There’s a discrepancy between the Data Dictionary and the caallwells data: The caallwells uses GPS, hud, mip, Notice of Intent to Drill, Operator, Unknown, and Well Summary, which are then standardized into 3-letter codes in gis_source, and also adds in DOQ – Digital Ortho Quad, which is in the Data Dictionary but not in the caallwells; DOQ may be used elsewhere in California state datasets.
Table #5: ownership – This short lookuptabledescribes the ownership of the wells. There are only two fields: opco (operatorco in caallwells, opcode in the Data Dictionary), a 5-digit unique identifier of letters and numbers that also serves as the primary key, and opname (operatorna in caallwells, opname in the Data Dictionary), which has the full name of the operating company.

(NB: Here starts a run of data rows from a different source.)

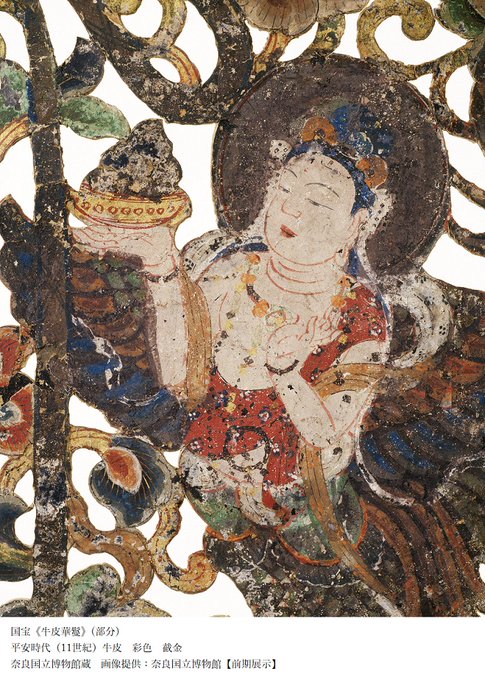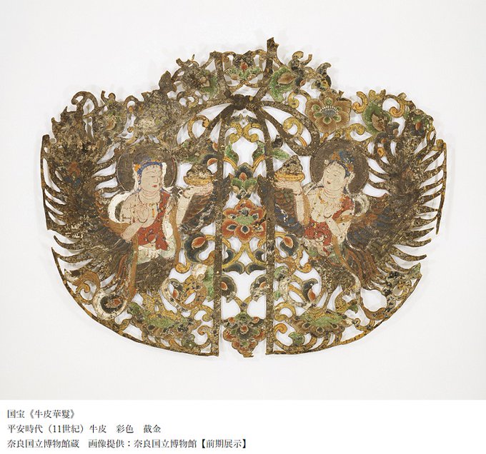 透かし切りをした牛皮に華麗な色彩で迦陵頻伽(極楽浄土に住む人面の鳥)を描いた、国宝《牛皮華鬘》。華鬘は寺院のはりや柱などにつける飾りであり、仏を讃えるための仏具です。寺院の空間演出に重要なものです。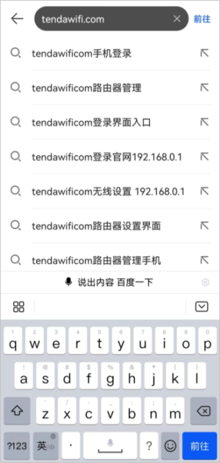 2. 打开浏览器,在地址栏(非搜索栏)输入路由器的管理地址tendawifi.com访问管理页面。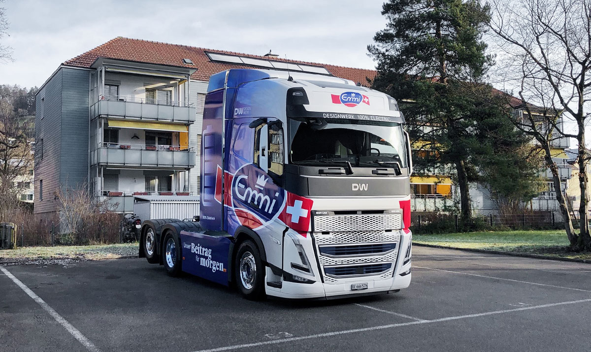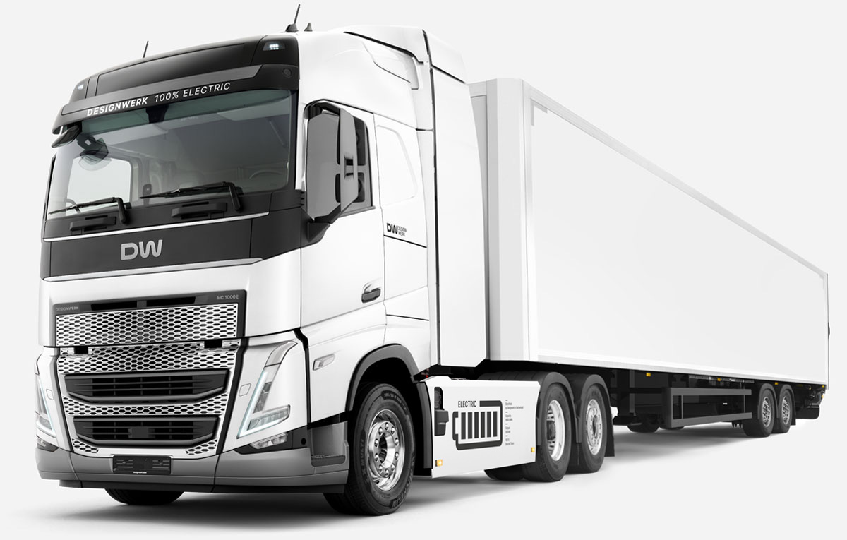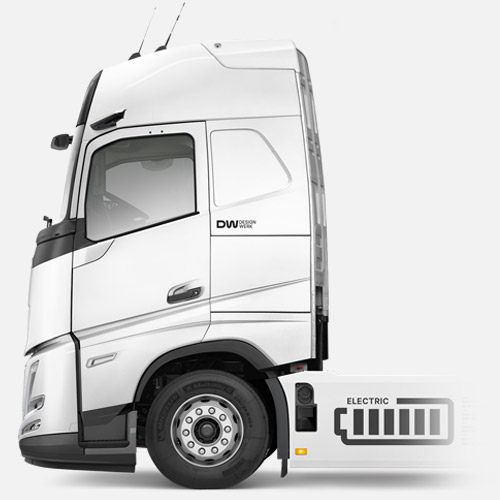 Avec le Designwerk HIGH CAB de Designwerk, basé sur la série Volvo FH, nous proposons une solution adaptée à tous ceux qui parcourent de longues distances dans leur quotidien. Il est ainsi possible de parcourir jusqu’à 730 kilomètres sans recharge intermédiaire. Un aérodynamisme optimal, une large visibilité ainsi que des cabines confortables garantissent l’expérience de conduite.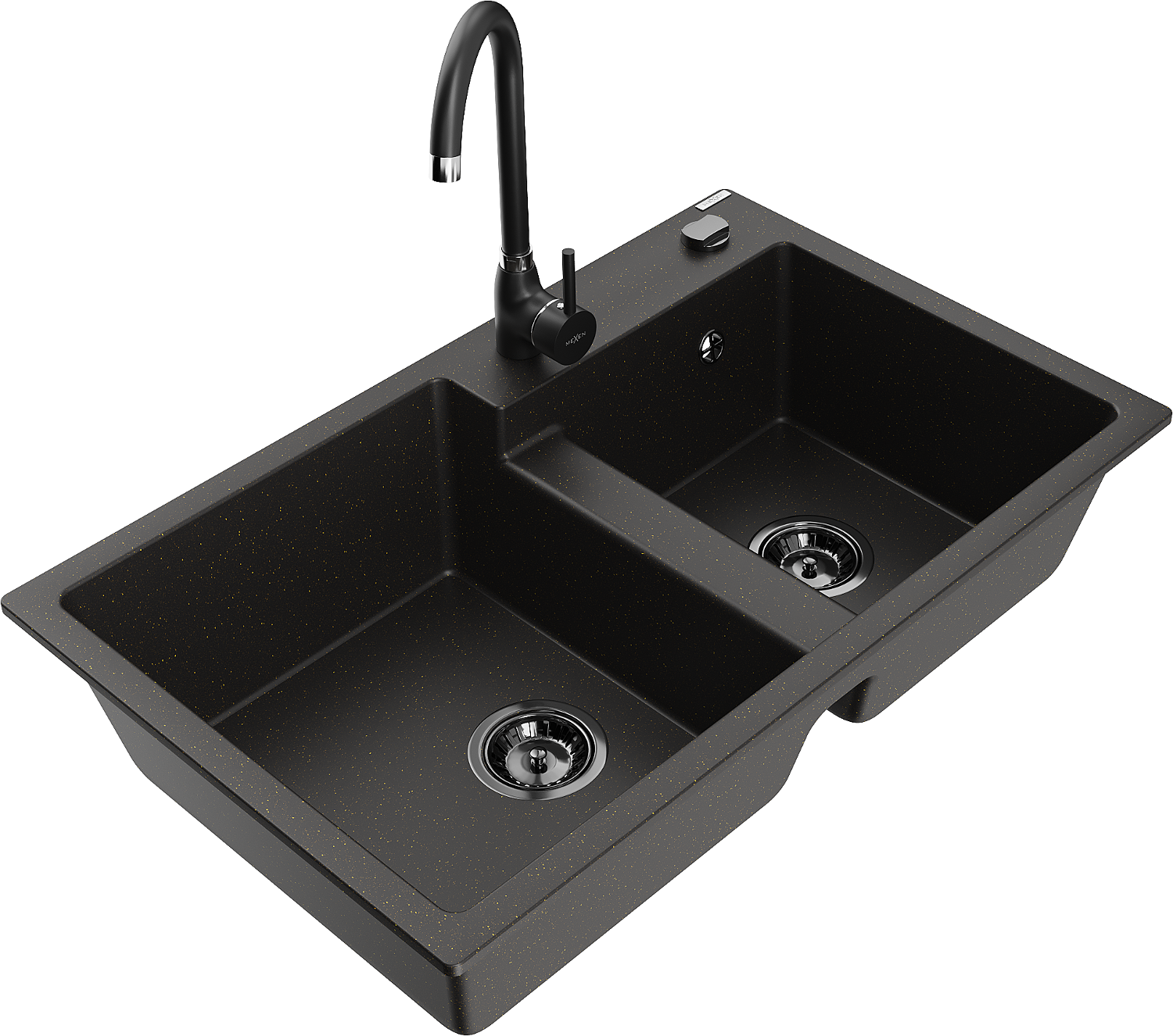 Mexen Tomas dvoukomorový granitový dřez s kuchyňskou baterií Telma, černý/zlatý metalik - 6516-75-670200-70-B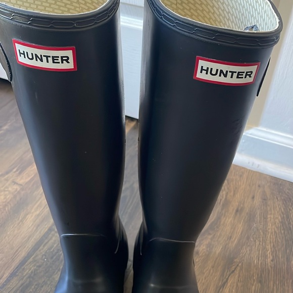 Authentic tall black chic round toe slip on traditional Hunter boots. Please see photos for smudges, thanks.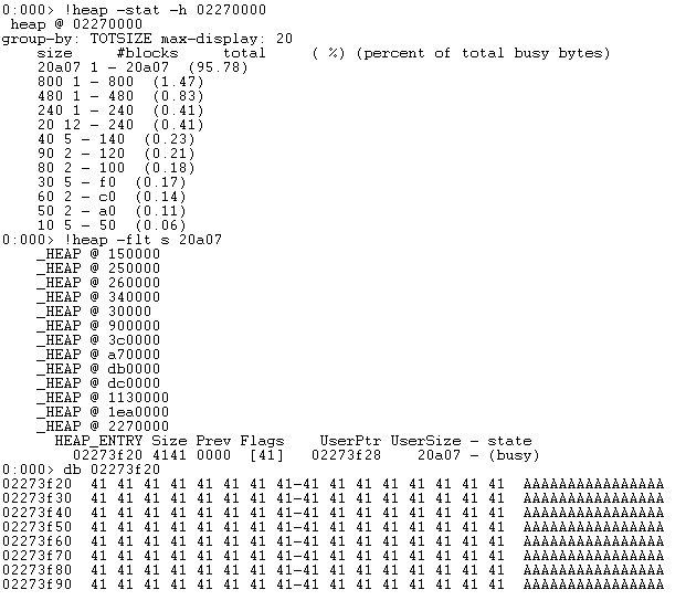 xp sp3下运行然后尝试我在这里提供的例子来帮助你抓住这个技术的知识要点。我已经决定不提供这个的源代码这样人们必须做一些你想工作来寻找正确堆栈布局然后达到命令执行。作为一个提示(希望不是很透),这里有一张'PoC'通过确定堆布局工作的截图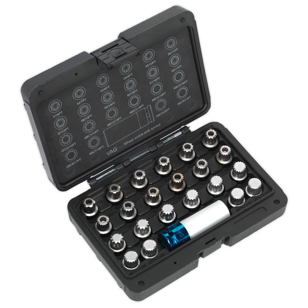 Set of 22 keys for the removal of spline and security ribe locking wheel nuts on VAG vehicles. Includes 17mm wheel nut socket with 1/2"Sq drive. For distribution to bona fide vehicle dealers and repair centres only.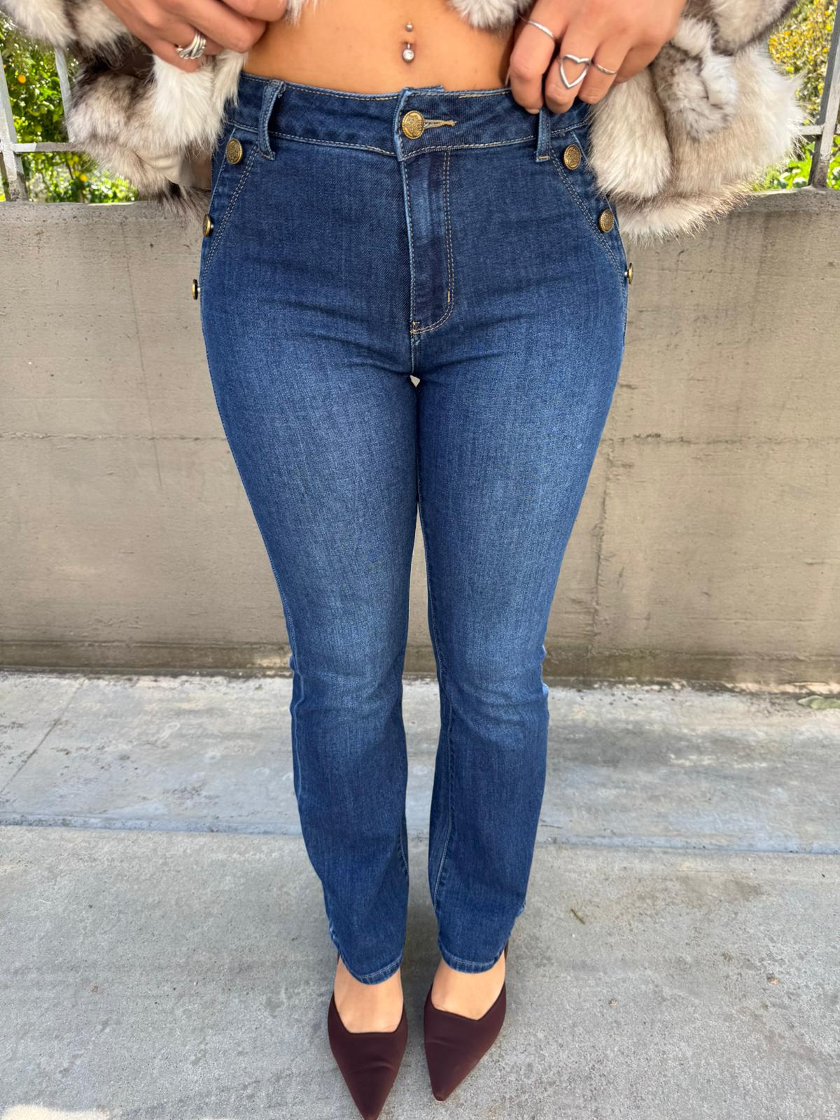Jeans gamba dritta con bottoni avanti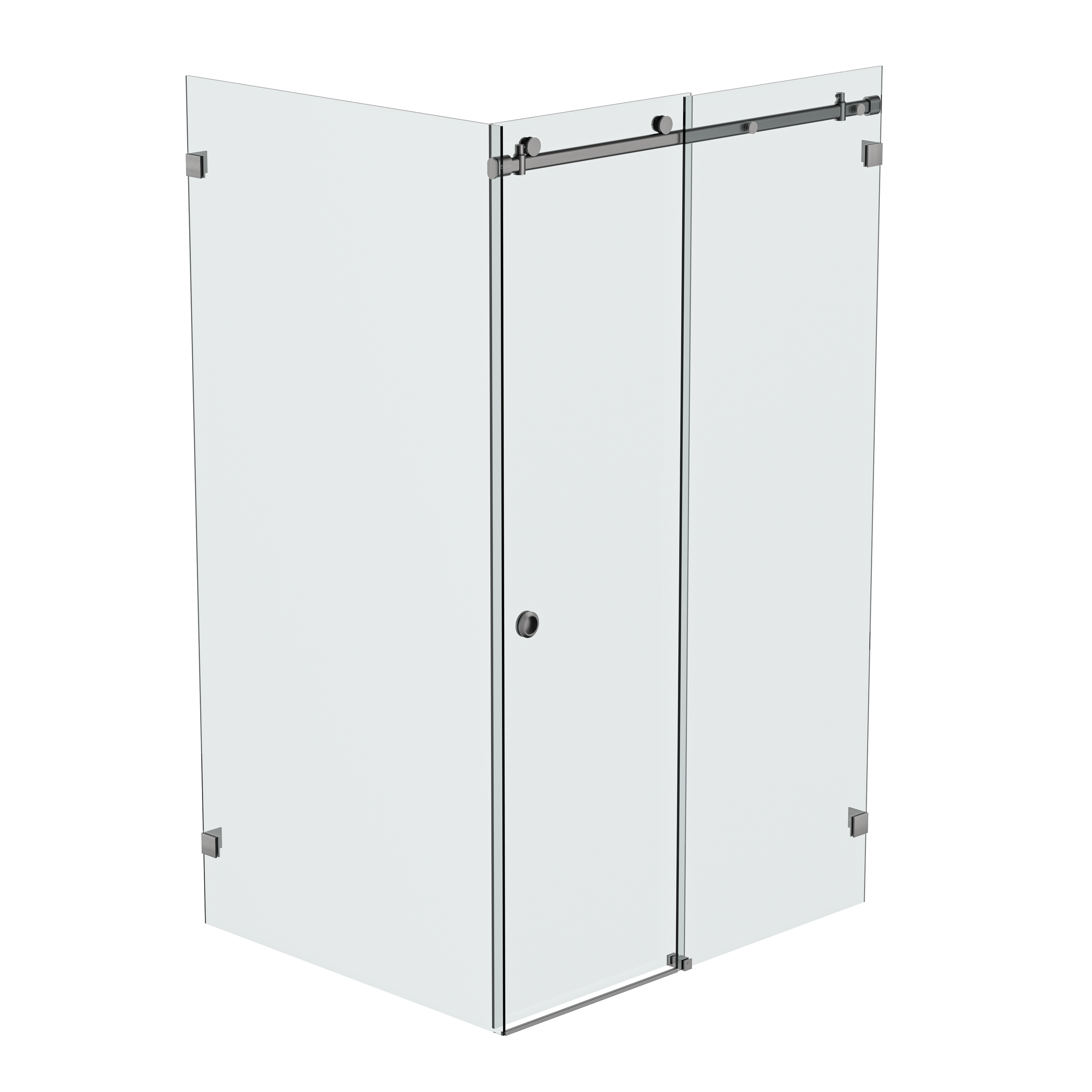 Bellé Wall to Glass Corner Frameless Shower Sliding System Left Hand Fixed - Brushed Gun Metal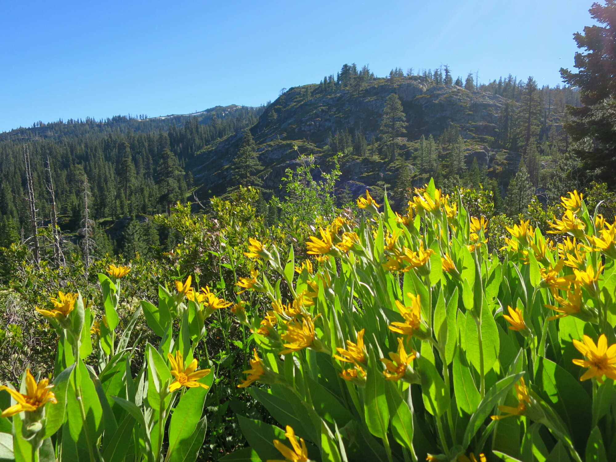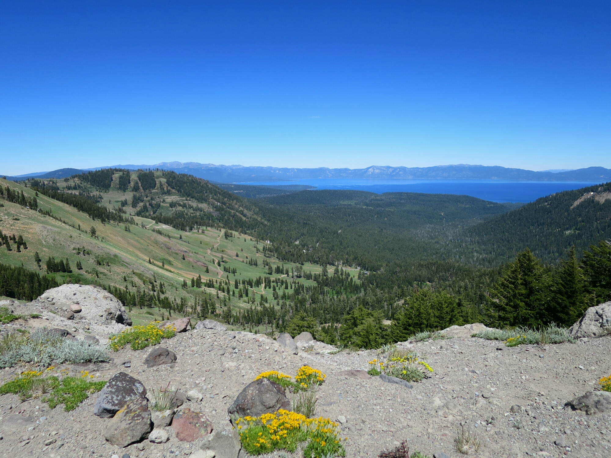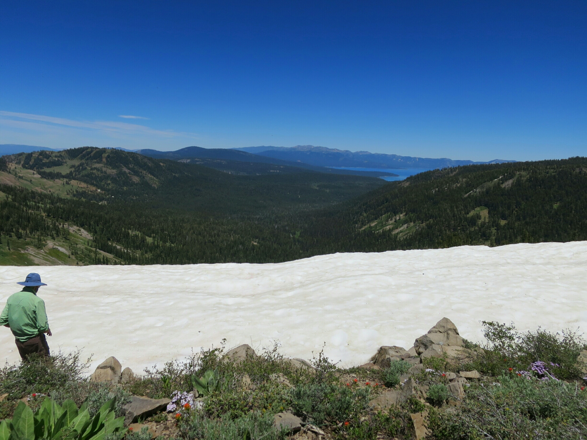 We hiked on the ridge for about 4 miles with fabulous views east towards Lake Tahoe and west over lush green valleys fringed by mountain peaks.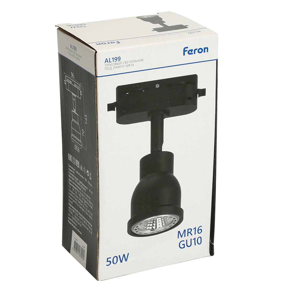 Светильники трековые на шинопровод GU10, однофазный (ИВО) FERON AL199, 50W, 230V, цвет черный, корпус сталь, вращение →350°/↓90°, 96*58*145 мм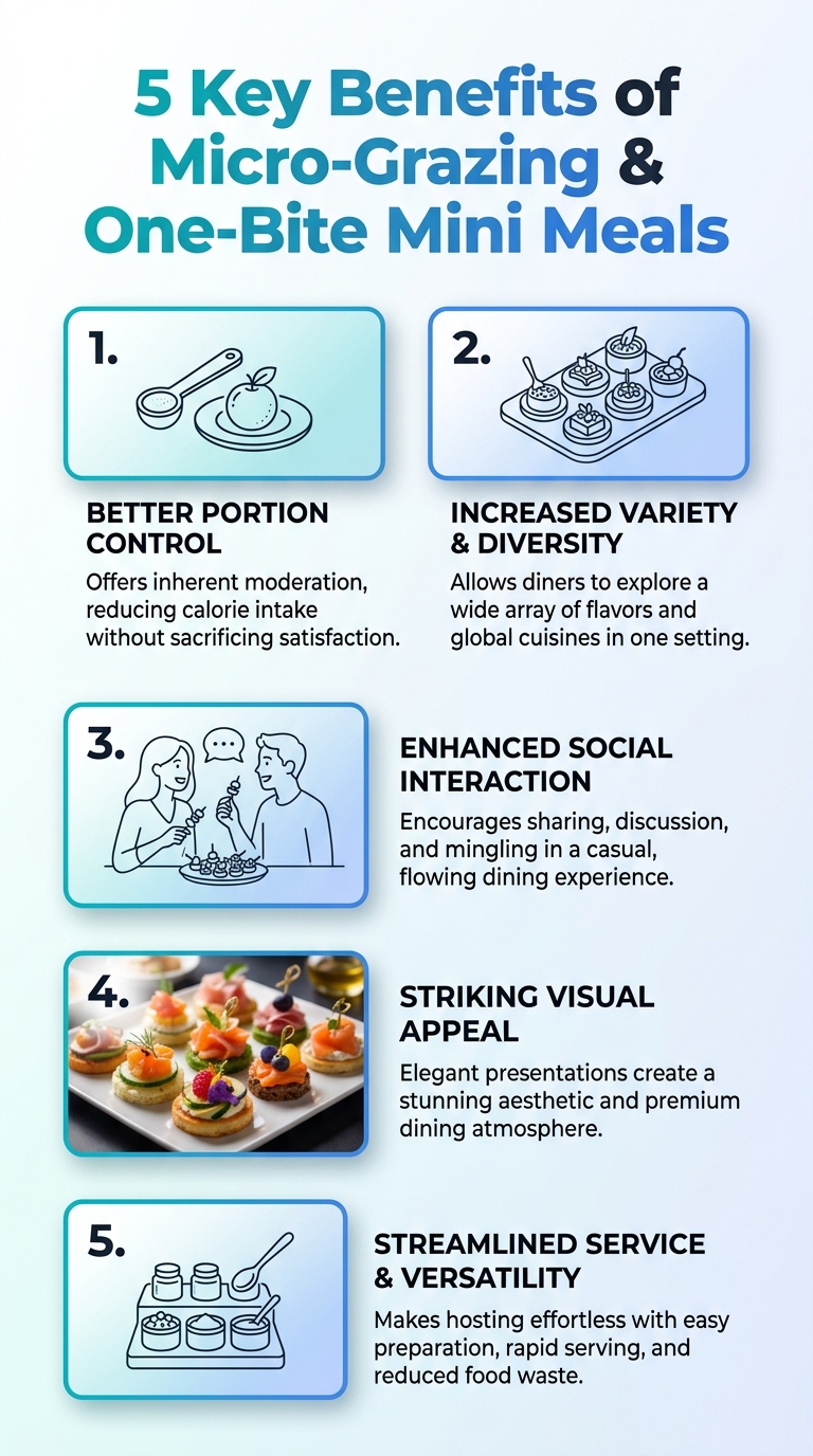 Discover the five key benefits of Micro-Grazing & One-Bite Mini Meals. Learn how small, frequent portions support better appetite control and nutrition.

Table #6: region – This table primarily relates to the geographic region in which the wells are located. There are 9 fields: apid, the primary key and a unique identifying integer given by the American Petroleum Institute (API).
There are additional identifying characteristics, which would be of primary interest to well owners: with the district (there are 4 distinct districts: Coastal, Inland, Northern, Southern), area_name (there are 212 distinct area names), field_name (there are 504 field names), county_name (there are 59 distinct counties: 58 of California’s counties, plus one for Los Angeles Offshore for offshore wells).
The next 3 fields – well_range, township, and well_section – are from the Public Land Survey System (PLSS). Raneg is the widest, there are 74 values. Township is second most general, there are 67 values. Section is the most specific, but they’re not unique identifiers, as different townships can have the same section. Unfortunately, these 3 fields are not specific enough to narrow down a well’s location, and cannot be combined to create a primary key, hence using the apid as a second unique well identifier.
The final value, geom, is a geographic point for the well, based on latitude and longitude from caallwells.
Table #7: well – The central table, which contains most of the identifying information about the wells. Among the fields, well id is the primary key, a serial number generated when importing from QGIS.
There are 6 foreign keys: well_status (linking to the status table), well_type (linking to the well_type table), opco (linking to the ownership table), meridian (linking to the base_meridian table), gis_source (linking to the gis_source table), and apid (linking to the region table).
Among the remaining fields, well_number is likely a number given by the operating company, there are 99,479 distinct well numbers, not enough for a unique identifier for each well. There are two fields that are Boolean true/false values: confidential (if subsurface information is held confidential for 2 years) and directional (whether the well was directionally drilled or not).
Additionally, spud_date is the date in which the well was drilled. As many fields are blank, due to incomplete data for older wells, blank text is converted into null in the SQL script below.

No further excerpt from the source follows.